Exercise details —
Go to the line below containing "Blue Abstract Spliced" and print exactly from there through the line containing "Наиболее распространенным и", both included. Print nothing else.

Supplied records —
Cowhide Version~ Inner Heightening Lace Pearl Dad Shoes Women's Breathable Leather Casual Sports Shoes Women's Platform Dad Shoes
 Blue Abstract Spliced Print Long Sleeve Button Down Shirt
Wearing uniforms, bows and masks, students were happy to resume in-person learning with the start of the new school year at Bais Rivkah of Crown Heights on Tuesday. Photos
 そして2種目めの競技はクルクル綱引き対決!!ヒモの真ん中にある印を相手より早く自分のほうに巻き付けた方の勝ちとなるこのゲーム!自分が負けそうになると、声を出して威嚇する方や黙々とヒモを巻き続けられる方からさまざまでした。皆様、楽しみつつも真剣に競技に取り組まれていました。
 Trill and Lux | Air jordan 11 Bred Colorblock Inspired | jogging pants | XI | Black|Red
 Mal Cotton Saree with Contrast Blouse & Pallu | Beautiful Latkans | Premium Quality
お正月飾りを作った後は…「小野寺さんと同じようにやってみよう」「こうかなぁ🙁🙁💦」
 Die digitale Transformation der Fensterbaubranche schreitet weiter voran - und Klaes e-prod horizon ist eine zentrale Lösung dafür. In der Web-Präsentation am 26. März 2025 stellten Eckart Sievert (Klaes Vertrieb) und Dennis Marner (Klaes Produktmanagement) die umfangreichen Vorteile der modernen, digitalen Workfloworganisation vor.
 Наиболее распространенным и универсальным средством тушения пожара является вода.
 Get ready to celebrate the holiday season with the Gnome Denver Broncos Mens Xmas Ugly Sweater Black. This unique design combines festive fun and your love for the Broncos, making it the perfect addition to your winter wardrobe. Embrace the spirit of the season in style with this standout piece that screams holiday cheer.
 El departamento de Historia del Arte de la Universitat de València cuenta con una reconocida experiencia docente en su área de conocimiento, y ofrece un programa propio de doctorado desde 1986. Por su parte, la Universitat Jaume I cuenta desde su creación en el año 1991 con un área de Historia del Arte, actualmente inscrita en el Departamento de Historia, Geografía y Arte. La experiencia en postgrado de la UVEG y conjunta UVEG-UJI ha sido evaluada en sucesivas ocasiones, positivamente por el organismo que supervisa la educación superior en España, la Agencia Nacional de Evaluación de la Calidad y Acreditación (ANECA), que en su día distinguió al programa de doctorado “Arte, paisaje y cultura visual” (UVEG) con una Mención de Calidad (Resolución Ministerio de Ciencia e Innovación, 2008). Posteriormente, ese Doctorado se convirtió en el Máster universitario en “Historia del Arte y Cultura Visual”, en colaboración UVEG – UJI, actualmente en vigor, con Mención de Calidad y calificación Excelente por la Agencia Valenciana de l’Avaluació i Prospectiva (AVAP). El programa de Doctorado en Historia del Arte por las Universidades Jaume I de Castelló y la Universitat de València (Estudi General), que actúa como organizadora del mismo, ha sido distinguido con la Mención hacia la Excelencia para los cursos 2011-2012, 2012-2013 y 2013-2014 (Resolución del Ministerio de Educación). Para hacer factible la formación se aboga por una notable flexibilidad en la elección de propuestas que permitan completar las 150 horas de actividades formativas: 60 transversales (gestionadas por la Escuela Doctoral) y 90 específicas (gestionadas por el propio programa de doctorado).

Answer box —
 Blue Abstract Spliced Print Long Sleeve Button Down Shirt
Wearing uniforms, bows and masks, students were happy to resume in-person learning with the start of the new school year at Bais Rivkah of Crown Heights on Tuesday. Photos
 そして2種目めの競技はクルクル綱引き対決!!ヒモの真ん中にある印を相手より早く自分のほうに巻き付けた方の勝ちとなるこのゲーム!自分が負けそうになると、声を出して威嚇する方や黙々とヒモを巻き続けられる方からさまざまでした。皆様、楽しみつつも真剣に競技に取り組まれていました。
 Trill and Lux | Air jordan 11 Bred Colorblock Inspired | jogging pants | XI | Black|Red
 Mal Cotton Saree with Contrast Blouse & Pallu | Beautiful Latkans | Premium Quality
お正月飾りを作った後は…「小野寺さんと同じようにやってみよう」「こうかなぁ🙁🙁💦」
 Die digitale Transformation der Fensterbaubranche schreitet weiter voran - und Klaes e-prod horizon ist eine zentrale Lösung dafür. In der Web-Präsentation am 26. März 2025 stellten Eckart Sievert (Klaes Vertrieb) und Dennis Marner (Klaes Produktmanagement) die umfangreichen Vorteile der modernen, digitalen Workfloworganisation vor.
 Наиболее распространенным и универсальным средством тушения пожара является вода.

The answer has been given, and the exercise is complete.